Но получалось так, что без этого парижского петиметра Долгорукие никак обойтись не могли. Издавна в старом боярском семействе учредилось негласное распределение ролей. Иван Долгорукий взял на себя придворную борьбу и интриги, фельдмаршал Василий Владимирович завоёвывал фамилии воинскую славу, Алексей Григорьевич надувался за всех Долгоруких спесью, Василий же Лукич находился на положении семейного мудреца и оракула. Обойтись без советов своего семейного дипломата в тот самый миг, когда благодетель (красные кроличьи глазки Алексея Григорьевича увлажнились от преданности) при смерти, никак было нельзя.
За голубым от инея венецианским окном Головинского дворца смутно чернели бесчисленные деревянные избы Земляного города, покрытые пушистыми шапками январского снега. Мирно тянулись к небу вечерние дымки. Ах, какая тихая, спокойная жизнь текла за дворцовыми окнами! Алексею Григорьевичу с несказанной силой взмечталось вдруг забиться в какую-нибудь дальнюю свою деревеньку, отведать домашних рыжичков, запить кваском да забраться на широкую жаркую печку, с головой накрыться домашним тулупом и спать, спать — не мудрствуя, не упуская сладкие минуты. Ну а дочь? Екатерина? Неужели ходить ей в порушенных невестах? А к власти вместо старого боярского рода Долгоруких придут всякие новики!
Никогда! Чёрт с ней, с печкой! Долгорукие никому не уступят власть. Привыкли к ней за века-то. То же и Василий Лукич вот говорит. Француз французом, а всё наших, семейных кровей.
Василий Лукич мотыльком кружил по малой гостиной вокруг кофейного столика. Сидевшие за столиком родичи тугодумно морщили лбы, с трудом успевали следить за его рассыпчатой фразой. Василий Лукич повествовал о недавнем своём свидании с датским посланником Вестфаленом. Рассказ был доверительный, и, чтобы не вызывать слуг, Иван Долгорукий, как младший на сем совете, сам зажёг свечи. Заискрилось золото и серебро за стеклом палисандрового шкафа, в блеске паркета поплыли смутные молочные отражения греческих богов и богинь, застывших по углам гостиной.

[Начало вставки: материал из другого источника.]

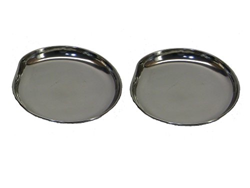 Product Description These durable plates and stylish mango shape plates (set of 2) are made of high quality stainless steel. Use it for your children's meals, or for your own snacks. It's a great and healthy alternative to plastic and other disposable plates. Each stainless steel plate measures length 6.75, width 6.25 and height 1 inches. Keep them on your table inside for durability during your child's dinner, or bring them with you for outside eating occasions like parties or camping. 0
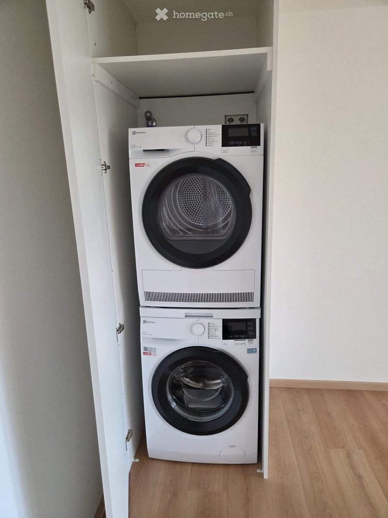 In der Wohnung befindet sich eine Waschmaschine und einen Wäschetrockner. Es gibt auch die Möglichkeit den gemeinsamen Waschraum zu benützen.
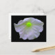 Cette jolie carte postale présente une photo d'une fleur de pétunia manipulée pour rendre le centre de la fleur vert brillant. Les pétales extérieurs sont blancs et les veines qui sortent du centre de la fleur brillent aussi de vert. La fleur est sur un arrière - plan noir pour la faire ressortir.
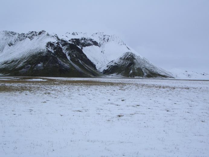 The lake Löðmundarvatn near Landmannahellir with snow all around
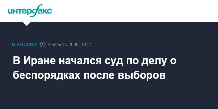 Тегеран. 8 августа. INTERFAX.RU - Второе заседание суда по рассмотрению дела организаторов недавних массовых беспорядков в Иране открылось в Тегеране, сообщает телерадиокорпорация Би-Би-Си со ссылкой на иранские СМИ.
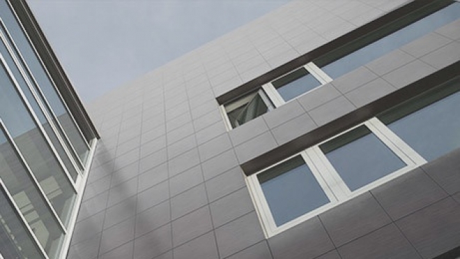 Вентилируемые фасады из керамогранита – современные облицовочные системы, которые защищают наружные поверхности строение от природных катаклизмов, влаги, ультрафиолета, грибков, насекомых и плесени. Декоративное покрытие из керамогранита дарит зданию респектабельность и привлекательность. Навесная система гарантирует сохранение комфортного микроклимата в помещениях, что позволяет оптимизировать потребление тепловой энергии, а значит, сэкономить средства при оплате коммунальных услуг. При этом вентилируемый фасад из керамогранита не требует специального обслуживания. Такая облицовочная система гарантированно прослужат более 50 лет.
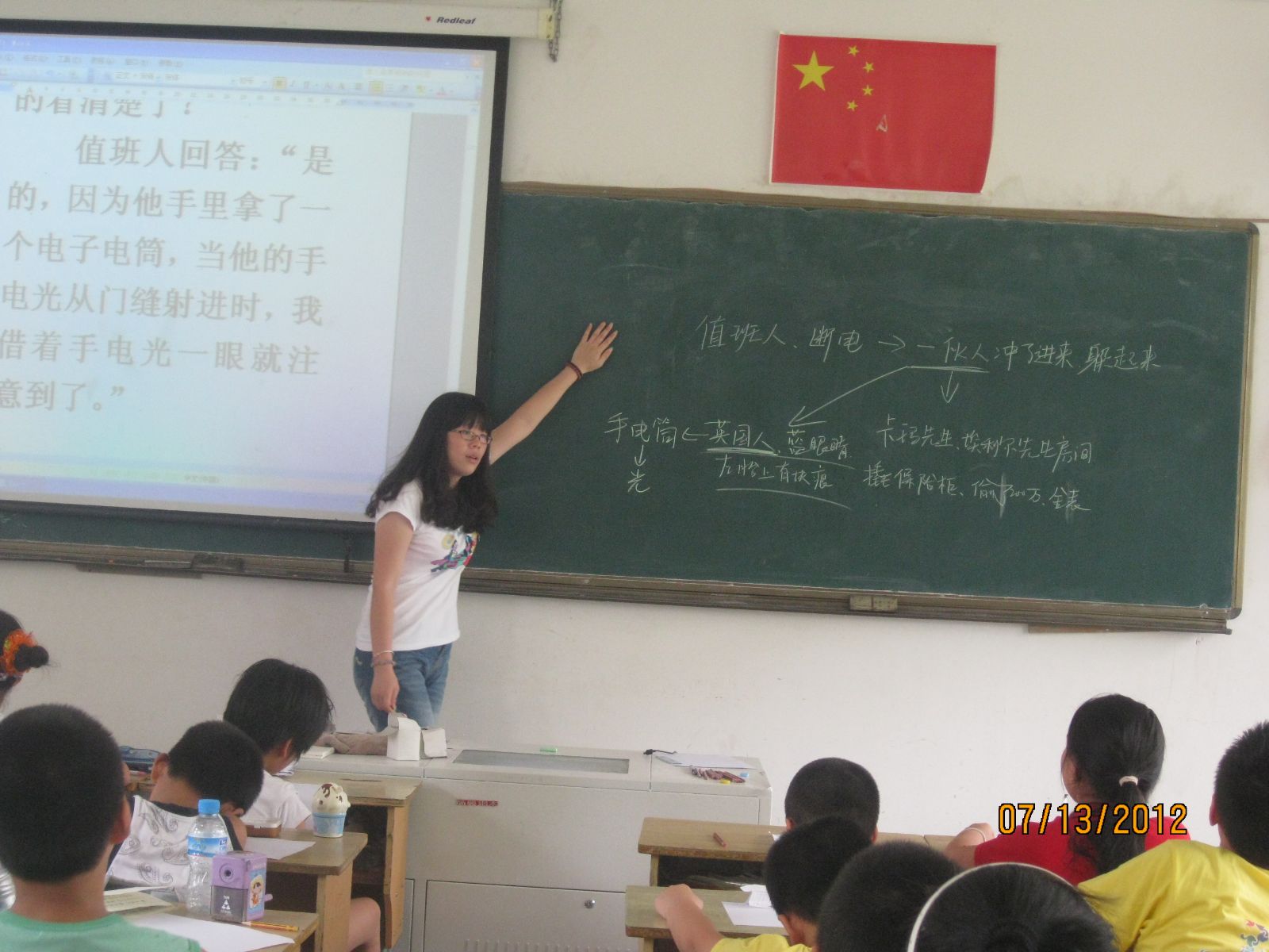 2012年7月13日,黄色视频 法政学院"亲情中华"温州市侨界留守儿童快乐营湖岭分营暑期社会实践队在湖岭镇中学进行了智力动脑类型的教学,主要围绕趣味数学题和侦探推理题展开。
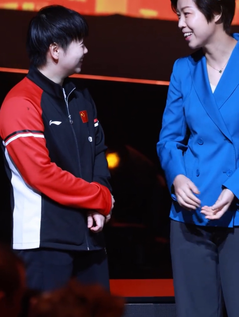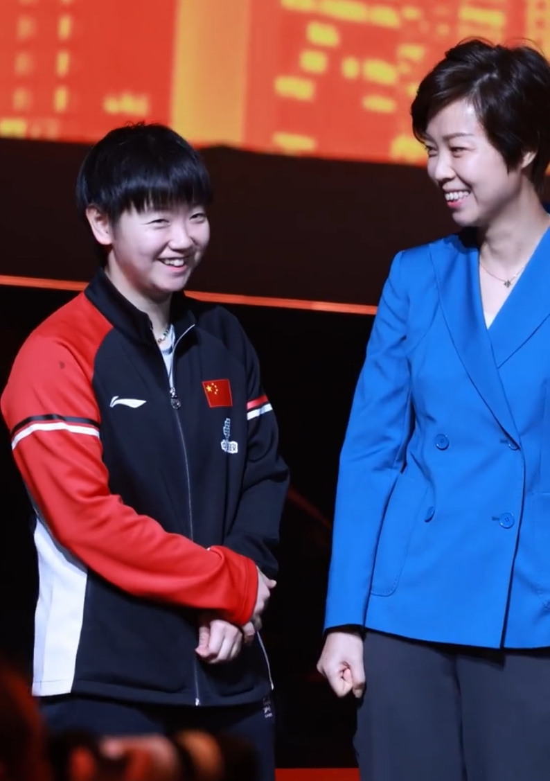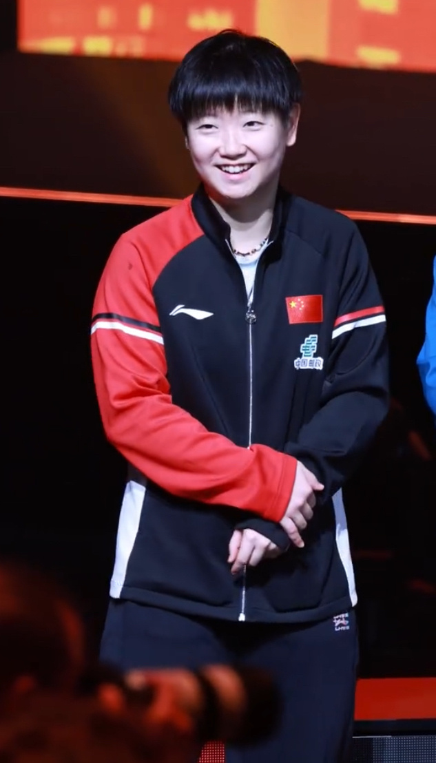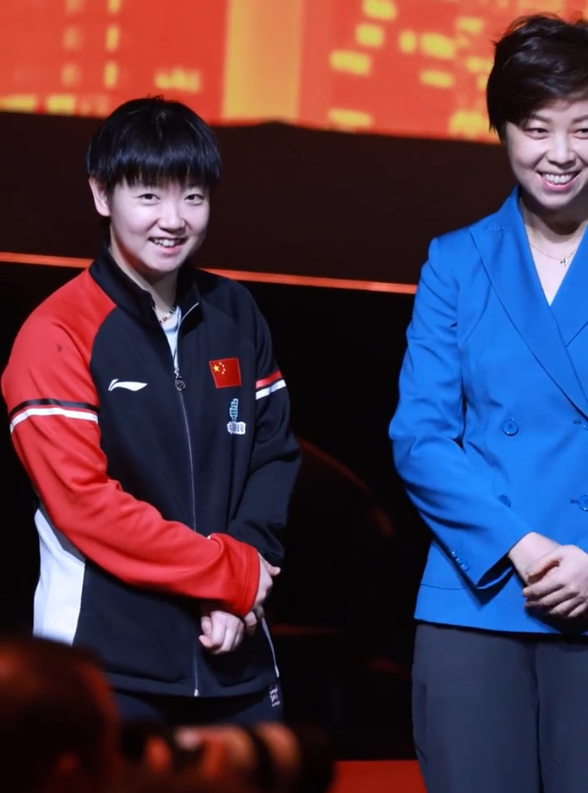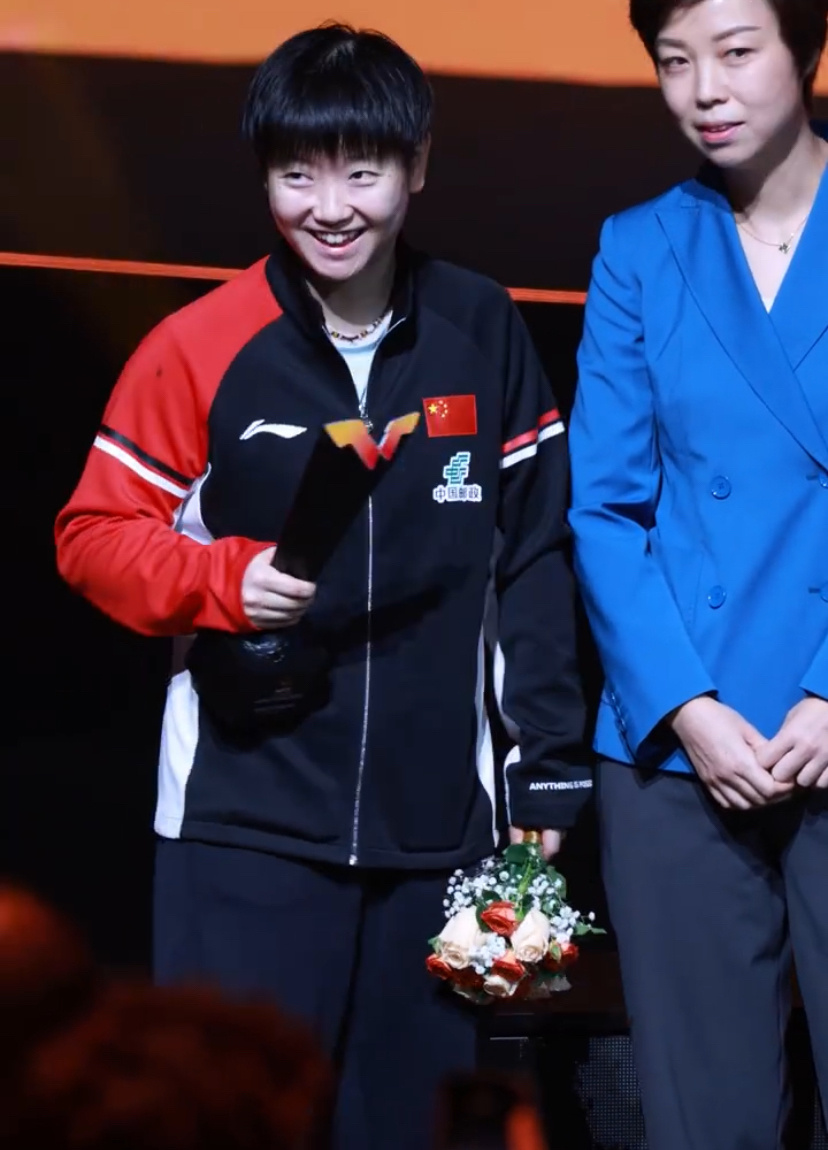 恭喜孙颖莎/王楚钦拿到混双亚军,莎莎一看亚军是大魔王张怡宁颁发奖杯,立刻笑没了眼

— Прощаясь, посланник прямо заметил мне, что смерть императора не освобождает нашу фамилию от государственных обязательств и что примеры того недавно имелись. — Василий Лукич строго обвёл лица родственников: фельдмаршал и молодой князь Иван смотрят с явным недоверием. Алексей Григорьевич ещё ничего не понял, остальные казались испуганными. Ясен был смысл посольских замечаний о государственных обязательствах семьи Долгоруких. Всем памятен был недавний пример возведения на престол Екатерины I. Ежели Екатерине, безродной чухонке, взятой Петром I из грязи солдатского лагеря, удалось с помощью Меншикова и Толстого сесть на престол после смерти своего благодетеля, то отчего же не повторить сие Екатерине Долгорукой, опираясь на силу старого боярского рода? Намёк датского посланника был удачным и зажигательным. Даже Алексей Григорьевич наконец догадался и ударил себя в восхищении по жирным ляжкам: «Удержим Катюшу на престоле, ей-богу, удержим!»